Aim of the exercise:
The copy must run from the line containing "A tetőszerkezeten elhelyezett" through the final line of the records, both included, exactly as written. It should contain no pictures.

Entries provided:
______

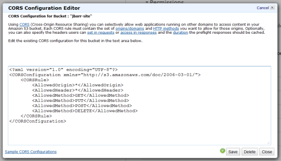 If you plan to use the S3 APIs you will first need to enable CORS (Cross-Origin Resource Sharing) on the target buckets. Using the AWS Management Console, create or open a bucket, click on Properties, and Edit CORS Configuration. The sample configuration in the box below will allow your application to perform GET, PUT, POST, and DELETE operations on the objects in the bucket:
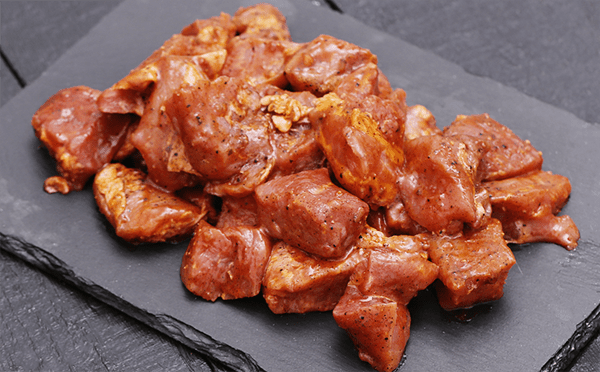 Boneless cuts of beef marinated in a rich tikka sauce
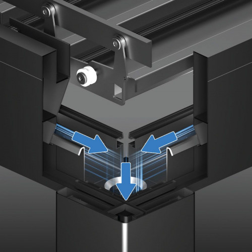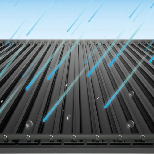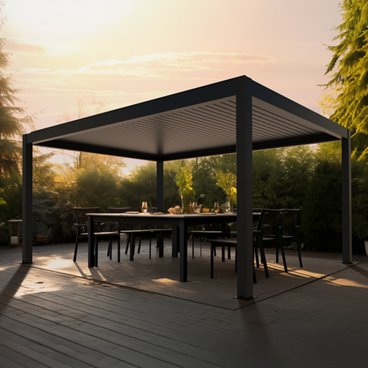 A tetőszerkezeten elhelyezett motoros, forgatható alumínium lamellák helyzetét könnyedén úgy változtathatjuk, hogy azok visszaverjék az égető napsugarakat, szűrt napfényt engedjenek át, teljes védelmet nyújtsanak az eső és havazás ellen, vagy akár zavartalan szellőzést biztosítsanak a pergola alatti levegő felmelegedése ellen.
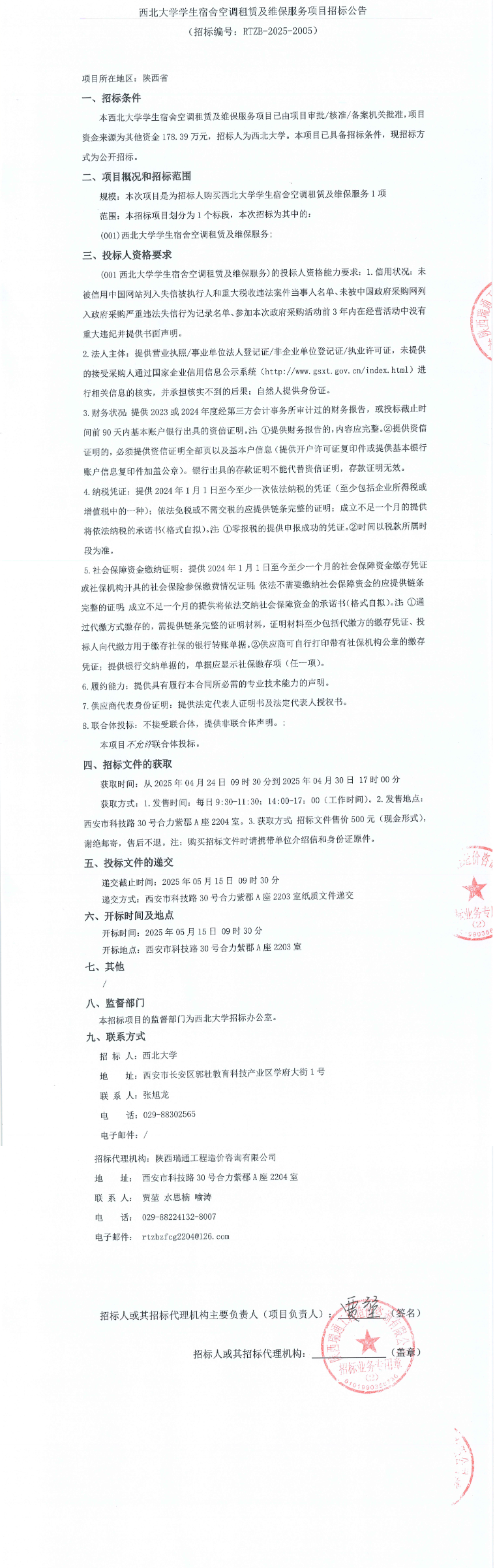 西北大学学生宿舍空调租赁及维保服务项目招标公告
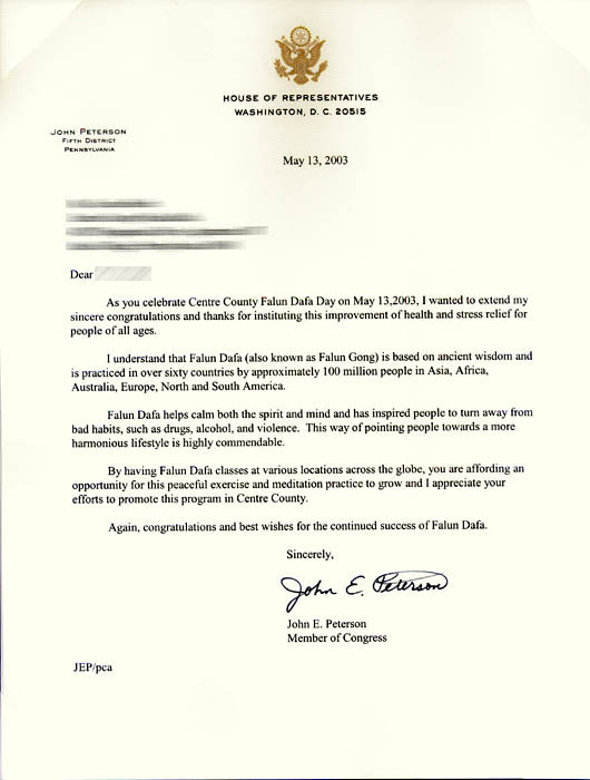 正当你们庆祝2003年5月13日中心县法轮大法日之际,我希望表达我诚挚的祝贺,并感谢你们致力于促进各年龄人们的健康和缓解压力。

______

Answer space:
 A tetőszerkezeten elhelyezett motoros, forgatható alumínium lamellák helyzetét könnyedén úgy változtathatjuk, hogy azok visszaverjék az égető napsugarakat, szűrt napfényt engedjenek át, teljes védelmet nyújtsanak az eső és havazás ellen, vagy akár zavartalan szellőzést biztosítsanak a pergola alatti levegő felmelegedése ellen.
 西北大学学生宿舍空调租赁及维保服务项目招标公告
 正当你们庆祝2003年5月13日中心县法轮大法日之际,我希望表达我诚挚的祝贺,并感谢你们致力于促进各年龄人们的健康和缓解压力。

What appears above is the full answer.